About this exercise:
Once the line containing "If cancel transfer/cancel" is found in the entries below, restate it and each following line word for word, stopping after the line containing "The Food and".

Extracted data entries
BEGIN
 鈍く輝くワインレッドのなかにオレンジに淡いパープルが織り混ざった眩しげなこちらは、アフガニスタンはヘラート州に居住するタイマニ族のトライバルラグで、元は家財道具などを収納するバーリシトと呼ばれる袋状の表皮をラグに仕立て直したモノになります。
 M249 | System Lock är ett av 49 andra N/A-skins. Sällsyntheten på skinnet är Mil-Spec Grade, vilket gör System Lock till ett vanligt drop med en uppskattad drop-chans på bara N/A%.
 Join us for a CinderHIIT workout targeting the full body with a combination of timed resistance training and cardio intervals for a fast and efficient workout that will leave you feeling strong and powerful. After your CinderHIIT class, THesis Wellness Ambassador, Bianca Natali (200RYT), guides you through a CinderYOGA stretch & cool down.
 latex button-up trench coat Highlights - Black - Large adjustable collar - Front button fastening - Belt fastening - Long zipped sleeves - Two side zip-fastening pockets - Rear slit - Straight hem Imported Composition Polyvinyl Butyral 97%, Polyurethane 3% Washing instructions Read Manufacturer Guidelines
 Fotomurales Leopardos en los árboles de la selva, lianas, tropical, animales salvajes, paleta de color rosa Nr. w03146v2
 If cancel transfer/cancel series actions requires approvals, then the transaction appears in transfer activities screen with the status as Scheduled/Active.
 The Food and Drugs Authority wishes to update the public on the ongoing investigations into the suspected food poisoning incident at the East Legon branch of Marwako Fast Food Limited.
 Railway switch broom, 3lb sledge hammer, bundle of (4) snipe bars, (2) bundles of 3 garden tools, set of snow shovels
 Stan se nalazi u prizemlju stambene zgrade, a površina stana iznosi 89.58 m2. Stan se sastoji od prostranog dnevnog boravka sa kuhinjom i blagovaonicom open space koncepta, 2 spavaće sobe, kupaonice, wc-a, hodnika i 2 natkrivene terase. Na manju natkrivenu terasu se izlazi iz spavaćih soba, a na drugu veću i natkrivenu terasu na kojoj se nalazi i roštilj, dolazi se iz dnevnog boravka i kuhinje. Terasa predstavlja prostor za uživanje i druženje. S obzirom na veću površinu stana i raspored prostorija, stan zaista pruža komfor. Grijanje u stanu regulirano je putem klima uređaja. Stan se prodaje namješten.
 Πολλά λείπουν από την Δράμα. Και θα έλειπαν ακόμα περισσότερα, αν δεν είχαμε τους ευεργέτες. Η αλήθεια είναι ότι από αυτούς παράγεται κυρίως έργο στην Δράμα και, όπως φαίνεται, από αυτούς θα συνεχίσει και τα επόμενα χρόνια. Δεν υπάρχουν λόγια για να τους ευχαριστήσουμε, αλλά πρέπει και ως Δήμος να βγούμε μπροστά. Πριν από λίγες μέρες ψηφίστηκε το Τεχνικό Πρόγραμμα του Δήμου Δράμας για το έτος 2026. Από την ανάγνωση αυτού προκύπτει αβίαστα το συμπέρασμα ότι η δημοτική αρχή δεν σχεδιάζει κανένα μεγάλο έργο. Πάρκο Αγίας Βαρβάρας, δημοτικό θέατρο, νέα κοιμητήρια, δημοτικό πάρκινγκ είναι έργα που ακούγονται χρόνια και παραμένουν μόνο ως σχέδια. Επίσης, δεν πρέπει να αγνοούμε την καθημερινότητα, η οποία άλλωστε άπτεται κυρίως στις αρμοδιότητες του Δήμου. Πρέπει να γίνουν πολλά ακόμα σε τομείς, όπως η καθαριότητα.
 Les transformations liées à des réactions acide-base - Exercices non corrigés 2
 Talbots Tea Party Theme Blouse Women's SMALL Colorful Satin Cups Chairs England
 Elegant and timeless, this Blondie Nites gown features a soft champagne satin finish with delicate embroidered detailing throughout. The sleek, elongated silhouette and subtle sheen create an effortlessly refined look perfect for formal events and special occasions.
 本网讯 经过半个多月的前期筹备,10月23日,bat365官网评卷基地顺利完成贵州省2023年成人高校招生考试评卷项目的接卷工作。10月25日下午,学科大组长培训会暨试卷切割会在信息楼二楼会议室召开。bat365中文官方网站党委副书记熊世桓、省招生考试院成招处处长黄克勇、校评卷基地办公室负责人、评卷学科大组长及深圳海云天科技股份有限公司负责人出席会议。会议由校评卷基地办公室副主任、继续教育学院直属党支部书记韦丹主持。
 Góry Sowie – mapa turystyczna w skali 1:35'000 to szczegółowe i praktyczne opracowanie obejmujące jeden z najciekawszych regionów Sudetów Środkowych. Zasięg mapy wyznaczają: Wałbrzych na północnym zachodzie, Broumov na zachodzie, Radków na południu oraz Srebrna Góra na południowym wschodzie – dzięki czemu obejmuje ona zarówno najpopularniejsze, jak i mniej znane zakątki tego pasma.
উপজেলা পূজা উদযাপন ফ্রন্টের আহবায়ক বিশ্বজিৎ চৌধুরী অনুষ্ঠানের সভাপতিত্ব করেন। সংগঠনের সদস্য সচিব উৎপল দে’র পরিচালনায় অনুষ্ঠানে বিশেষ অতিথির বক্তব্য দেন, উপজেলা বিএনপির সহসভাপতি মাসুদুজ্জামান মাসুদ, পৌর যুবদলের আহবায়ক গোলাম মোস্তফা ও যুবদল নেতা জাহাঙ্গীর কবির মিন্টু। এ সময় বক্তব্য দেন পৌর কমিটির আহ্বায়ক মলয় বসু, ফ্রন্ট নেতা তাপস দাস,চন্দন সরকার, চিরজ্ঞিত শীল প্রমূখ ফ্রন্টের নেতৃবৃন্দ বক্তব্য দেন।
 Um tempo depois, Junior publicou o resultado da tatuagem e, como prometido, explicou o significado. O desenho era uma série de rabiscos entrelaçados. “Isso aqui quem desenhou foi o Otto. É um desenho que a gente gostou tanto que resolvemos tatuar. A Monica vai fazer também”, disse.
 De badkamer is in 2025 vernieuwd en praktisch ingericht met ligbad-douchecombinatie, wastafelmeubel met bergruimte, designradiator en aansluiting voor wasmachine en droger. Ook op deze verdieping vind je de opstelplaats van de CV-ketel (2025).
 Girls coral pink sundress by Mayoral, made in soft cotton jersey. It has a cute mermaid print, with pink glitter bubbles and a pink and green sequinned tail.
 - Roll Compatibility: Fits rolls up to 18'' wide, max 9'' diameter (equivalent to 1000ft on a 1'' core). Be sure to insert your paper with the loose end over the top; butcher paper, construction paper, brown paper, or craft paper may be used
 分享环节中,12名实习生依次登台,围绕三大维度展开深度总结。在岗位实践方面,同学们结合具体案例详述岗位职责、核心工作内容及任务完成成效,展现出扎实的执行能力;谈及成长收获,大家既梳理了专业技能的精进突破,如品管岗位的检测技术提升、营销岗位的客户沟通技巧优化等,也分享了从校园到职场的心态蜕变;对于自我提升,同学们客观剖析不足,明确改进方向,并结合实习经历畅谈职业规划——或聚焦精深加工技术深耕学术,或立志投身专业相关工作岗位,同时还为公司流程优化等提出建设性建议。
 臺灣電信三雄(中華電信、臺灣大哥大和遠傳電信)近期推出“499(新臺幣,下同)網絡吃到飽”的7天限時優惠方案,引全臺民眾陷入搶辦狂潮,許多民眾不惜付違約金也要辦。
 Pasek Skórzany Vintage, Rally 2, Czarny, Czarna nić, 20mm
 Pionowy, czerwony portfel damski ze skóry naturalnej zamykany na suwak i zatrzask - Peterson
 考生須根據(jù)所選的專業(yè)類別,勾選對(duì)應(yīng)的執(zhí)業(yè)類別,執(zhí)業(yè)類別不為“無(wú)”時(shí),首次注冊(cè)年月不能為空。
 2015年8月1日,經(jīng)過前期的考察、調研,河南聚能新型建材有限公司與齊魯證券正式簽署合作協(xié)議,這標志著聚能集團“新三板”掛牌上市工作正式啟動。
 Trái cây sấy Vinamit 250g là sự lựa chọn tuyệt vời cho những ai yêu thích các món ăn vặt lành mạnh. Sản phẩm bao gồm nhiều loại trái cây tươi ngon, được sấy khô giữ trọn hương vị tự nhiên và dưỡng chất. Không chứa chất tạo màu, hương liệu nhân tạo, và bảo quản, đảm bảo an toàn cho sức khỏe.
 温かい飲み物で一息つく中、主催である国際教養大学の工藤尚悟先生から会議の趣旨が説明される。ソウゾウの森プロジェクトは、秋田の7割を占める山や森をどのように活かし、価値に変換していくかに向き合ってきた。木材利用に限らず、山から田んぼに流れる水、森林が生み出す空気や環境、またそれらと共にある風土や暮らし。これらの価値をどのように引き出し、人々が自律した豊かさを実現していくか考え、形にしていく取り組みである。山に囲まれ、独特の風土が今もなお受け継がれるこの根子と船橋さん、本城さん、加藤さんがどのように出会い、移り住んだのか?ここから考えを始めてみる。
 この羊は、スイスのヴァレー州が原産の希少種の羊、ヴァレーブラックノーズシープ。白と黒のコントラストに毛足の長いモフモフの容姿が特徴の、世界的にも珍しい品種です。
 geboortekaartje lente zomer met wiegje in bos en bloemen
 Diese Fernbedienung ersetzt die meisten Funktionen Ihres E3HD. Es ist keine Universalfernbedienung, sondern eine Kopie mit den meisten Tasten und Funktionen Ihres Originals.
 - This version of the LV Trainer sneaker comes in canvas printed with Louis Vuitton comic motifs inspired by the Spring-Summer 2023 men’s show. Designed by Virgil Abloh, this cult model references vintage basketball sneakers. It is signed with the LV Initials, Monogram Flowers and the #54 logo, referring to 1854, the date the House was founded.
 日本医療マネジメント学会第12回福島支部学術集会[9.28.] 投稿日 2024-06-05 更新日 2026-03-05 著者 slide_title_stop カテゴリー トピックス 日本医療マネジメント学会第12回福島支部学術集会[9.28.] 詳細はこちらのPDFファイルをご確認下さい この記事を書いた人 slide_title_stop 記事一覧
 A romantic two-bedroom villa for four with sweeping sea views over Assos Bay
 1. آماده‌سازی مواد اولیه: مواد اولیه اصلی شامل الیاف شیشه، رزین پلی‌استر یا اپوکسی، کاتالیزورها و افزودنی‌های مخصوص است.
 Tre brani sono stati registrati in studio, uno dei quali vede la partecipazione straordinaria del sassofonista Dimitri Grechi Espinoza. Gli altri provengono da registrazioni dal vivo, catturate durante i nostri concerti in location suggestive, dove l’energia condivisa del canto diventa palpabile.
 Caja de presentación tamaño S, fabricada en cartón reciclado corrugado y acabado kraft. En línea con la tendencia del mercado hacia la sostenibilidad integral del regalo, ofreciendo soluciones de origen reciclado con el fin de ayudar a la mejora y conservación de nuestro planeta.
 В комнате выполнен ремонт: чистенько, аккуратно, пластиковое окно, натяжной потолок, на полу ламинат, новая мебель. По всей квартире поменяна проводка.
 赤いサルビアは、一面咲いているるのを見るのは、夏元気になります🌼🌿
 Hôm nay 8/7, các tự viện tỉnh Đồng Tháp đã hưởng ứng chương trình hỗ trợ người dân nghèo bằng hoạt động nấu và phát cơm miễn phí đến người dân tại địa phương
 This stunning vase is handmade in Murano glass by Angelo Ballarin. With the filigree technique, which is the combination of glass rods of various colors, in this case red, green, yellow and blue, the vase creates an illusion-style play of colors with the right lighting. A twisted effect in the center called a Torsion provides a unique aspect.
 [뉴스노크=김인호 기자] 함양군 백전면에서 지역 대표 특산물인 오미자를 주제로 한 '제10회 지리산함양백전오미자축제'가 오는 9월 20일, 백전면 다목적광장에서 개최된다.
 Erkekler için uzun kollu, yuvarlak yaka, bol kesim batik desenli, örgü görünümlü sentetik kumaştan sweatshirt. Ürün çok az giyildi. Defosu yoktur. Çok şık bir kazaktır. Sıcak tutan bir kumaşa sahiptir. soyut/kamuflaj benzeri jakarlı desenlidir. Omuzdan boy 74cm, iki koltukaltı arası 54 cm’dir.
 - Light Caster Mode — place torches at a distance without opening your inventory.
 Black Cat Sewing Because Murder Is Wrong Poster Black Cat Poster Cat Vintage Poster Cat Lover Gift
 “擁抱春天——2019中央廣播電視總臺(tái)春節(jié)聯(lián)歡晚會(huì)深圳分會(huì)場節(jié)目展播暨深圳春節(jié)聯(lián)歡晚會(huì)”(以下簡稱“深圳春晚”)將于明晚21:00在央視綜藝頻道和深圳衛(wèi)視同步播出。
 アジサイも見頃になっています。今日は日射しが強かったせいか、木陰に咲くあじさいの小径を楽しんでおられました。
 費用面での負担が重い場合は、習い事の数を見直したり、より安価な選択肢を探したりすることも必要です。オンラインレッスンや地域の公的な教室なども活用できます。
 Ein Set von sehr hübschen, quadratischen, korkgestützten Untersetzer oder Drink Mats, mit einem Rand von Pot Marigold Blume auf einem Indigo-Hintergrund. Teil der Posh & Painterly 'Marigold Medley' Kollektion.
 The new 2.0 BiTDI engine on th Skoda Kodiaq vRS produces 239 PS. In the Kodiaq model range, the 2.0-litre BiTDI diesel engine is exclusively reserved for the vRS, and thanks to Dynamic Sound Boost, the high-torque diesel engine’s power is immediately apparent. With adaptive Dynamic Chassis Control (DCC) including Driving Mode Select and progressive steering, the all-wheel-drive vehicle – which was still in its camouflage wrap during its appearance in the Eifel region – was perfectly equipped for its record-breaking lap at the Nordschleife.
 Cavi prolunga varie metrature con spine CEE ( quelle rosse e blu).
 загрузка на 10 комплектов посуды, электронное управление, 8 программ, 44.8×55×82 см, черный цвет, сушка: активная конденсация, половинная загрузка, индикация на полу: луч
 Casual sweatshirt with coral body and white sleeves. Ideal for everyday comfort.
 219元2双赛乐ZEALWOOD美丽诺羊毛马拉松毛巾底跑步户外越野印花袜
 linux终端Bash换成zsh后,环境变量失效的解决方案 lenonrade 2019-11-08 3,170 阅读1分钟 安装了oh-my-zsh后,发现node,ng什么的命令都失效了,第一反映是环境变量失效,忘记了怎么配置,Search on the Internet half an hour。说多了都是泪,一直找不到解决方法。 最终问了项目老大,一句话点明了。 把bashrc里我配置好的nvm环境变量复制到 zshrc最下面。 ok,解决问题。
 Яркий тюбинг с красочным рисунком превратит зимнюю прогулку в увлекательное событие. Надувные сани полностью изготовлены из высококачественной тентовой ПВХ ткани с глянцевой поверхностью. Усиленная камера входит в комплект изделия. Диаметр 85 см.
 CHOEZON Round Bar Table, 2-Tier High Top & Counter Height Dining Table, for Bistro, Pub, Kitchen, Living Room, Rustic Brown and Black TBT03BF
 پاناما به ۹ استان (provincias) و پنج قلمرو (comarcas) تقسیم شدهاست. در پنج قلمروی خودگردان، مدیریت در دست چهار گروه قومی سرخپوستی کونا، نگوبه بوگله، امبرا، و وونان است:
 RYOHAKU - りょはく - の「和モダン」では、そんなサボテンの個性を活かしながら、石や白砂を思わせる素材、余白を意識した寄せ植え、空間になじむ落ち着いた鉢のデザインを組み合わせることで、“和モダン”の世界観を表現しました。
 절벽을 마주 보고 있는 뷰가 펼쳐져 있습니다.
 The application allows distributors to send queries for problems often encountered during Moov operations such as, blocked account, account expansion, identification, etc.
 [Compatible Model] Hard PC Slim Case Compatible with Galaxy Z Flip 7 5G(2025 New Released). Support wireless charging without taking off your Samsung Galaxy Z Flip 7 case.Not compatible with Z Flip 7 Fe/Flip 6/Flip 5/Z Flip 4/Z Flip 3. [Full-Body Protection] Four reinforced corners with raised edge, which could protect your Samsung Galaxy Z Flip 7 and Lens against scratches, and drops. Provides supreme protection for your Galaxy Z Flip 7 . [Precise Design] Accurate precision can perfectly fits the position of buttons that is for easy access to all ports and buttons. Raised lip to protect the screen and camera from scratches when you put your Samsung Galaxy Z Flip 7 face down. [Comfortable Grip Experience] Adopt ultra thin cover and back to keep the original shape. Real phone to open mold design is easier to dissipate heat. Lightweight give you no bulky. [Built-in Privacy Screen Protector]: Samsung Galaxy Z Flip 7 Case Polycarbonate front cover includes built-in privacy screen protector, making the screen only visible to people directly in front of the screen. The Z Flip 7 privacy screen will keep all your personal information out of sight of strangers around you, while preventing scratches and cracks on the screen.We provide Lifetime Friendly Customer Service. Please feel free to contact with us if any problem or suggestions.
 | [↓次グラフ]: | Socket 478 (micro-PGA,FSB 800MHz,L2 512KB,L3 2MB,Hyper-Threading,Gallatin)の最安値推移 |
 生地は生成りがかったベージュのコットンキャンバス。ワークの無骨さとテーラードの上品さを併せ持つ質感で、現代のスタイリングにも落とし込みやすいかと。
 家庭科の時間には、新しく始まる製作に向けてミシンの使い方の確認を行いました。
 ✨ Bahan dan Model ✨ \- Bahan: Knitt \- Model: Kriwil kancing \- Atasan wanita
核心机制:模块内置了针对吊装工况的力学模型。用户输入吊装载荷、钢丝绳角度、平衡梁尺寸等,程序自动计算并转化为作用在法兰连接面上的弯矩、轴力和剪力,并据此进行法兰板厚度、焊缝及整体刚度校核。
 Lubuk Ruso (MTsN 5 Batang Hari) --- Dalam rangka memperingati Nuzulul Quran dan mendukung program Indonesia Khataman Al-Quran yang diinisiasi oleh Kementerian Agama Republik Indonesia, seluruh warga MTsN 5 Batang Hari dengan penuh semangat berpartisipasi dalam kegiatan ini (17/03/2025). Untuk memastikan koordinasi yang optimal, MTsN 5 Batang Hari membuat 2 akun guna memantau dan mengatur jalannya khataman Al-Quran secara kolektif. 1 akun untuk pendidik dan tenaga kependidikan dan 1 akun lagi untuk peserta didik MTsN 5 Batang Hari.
END
Exercise solution:
 If cancel transfer/cancel series actions requires approvals, then the transaction appears in transfer activities screen with the status as Scheduled/Active.
 The Food and Drugs Authority wishes to update the public on the ongoing investigations into the suspected food poisoning incident at the East Legon branch of Marwako Fast Food Limited.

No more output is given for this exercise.